TASK STATEMENT:
Return all of the listing word for word; the pictures stay out.

DATA SEGMENT: Begin

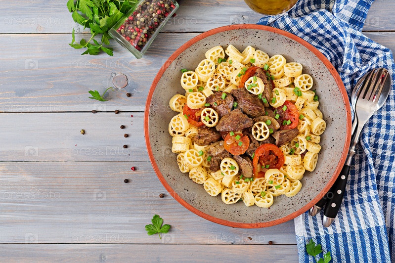 Жареная куриная печень с помидорами и гарниром из макарон
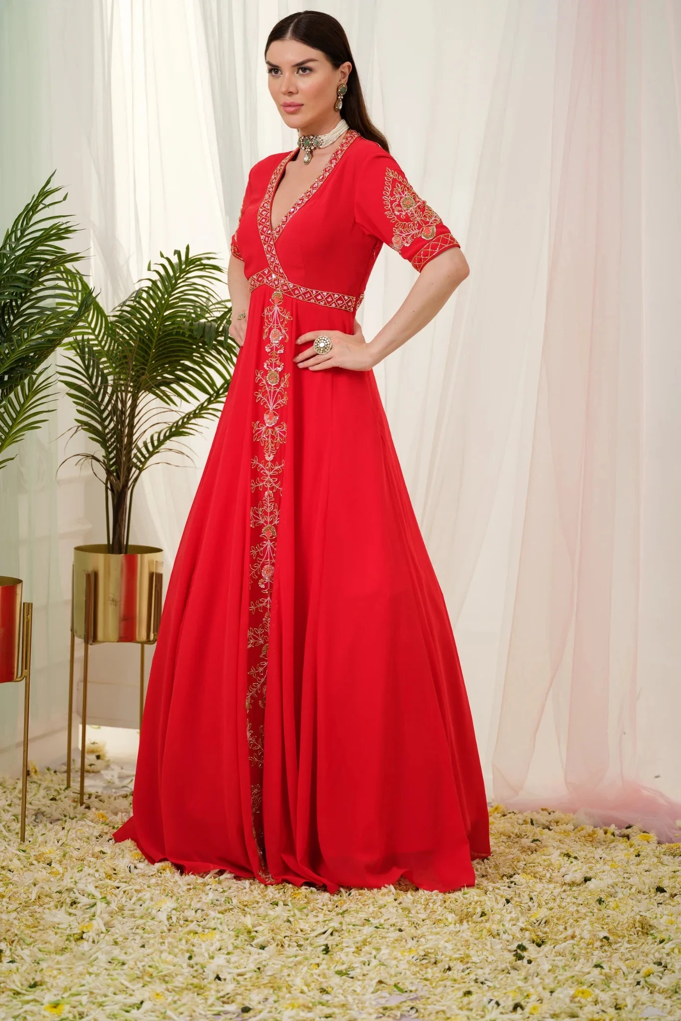 A Captivating Red Georgette Deep V Neck Kalidar Anarkali, Paired with a Silk Tissue Handcrafted Floral Cutwork Dupatta, Exuding Timeless Elegance and Sophistication.
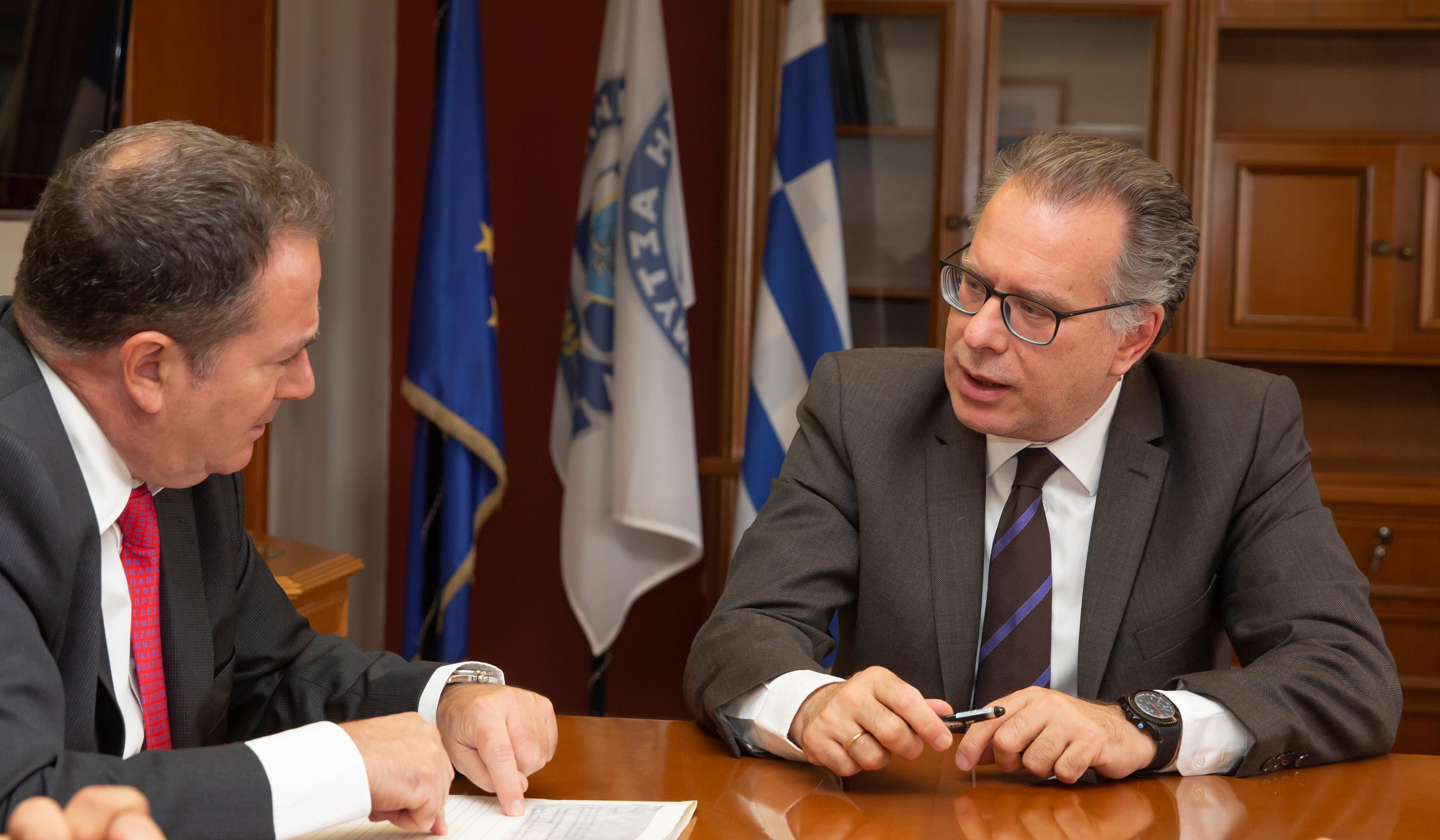 O Αναπληρωτής Υπουργός Προστασίας του Πολίτη, αρμόδιος για τη μεταναστευτική πολιτική, κ. Γιώργος Κουμουτσάκος, είχε σήμερα συνάντηση με τον Επικεφαλής της Αντιπροσωπείας της Ευρωπαϊκής Επιτροπής στην Αθήνα κ. Γιώργο Μαρκοπουλιώτη.
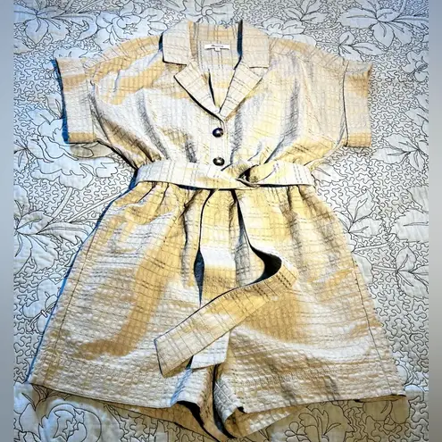 MADEWELL Seersucker Camp Romper Button Front Split Collar Pockets Tie Made of textural seersucker,... Show more

DATA SEGMENT: End

ANSWER TO THIS TASK:
 Жареная куриная печень с помидорами и гарниром из макарон
 A Captivating Red Georgette Deep V Neck Kalidar Anarkali, Paired with a Silk Tissue Handcrafted Floral Cutwork Dupatta, Exuding Timeless Elegance and Sophistication.
 O Αναπληρωτής Υπουργός Προστασίας του Πολίτη, αρμόδιος για τη μεταναστευτική πολιτική, κ. Γιώργος Κουμουτσάκος, είχε σήμερα συνάντηση με τον Επικεφαλής της Αντιπροσωπείας της Ευρωπαϊκής Επιτροπής στην Αθήνα κ. Γιώργο Μαρκοπουλιώτη.
 MADEWELL Seersucker Camp Romper Button Front Split Collar Pockets Tie Made of textural seersucker,... Show more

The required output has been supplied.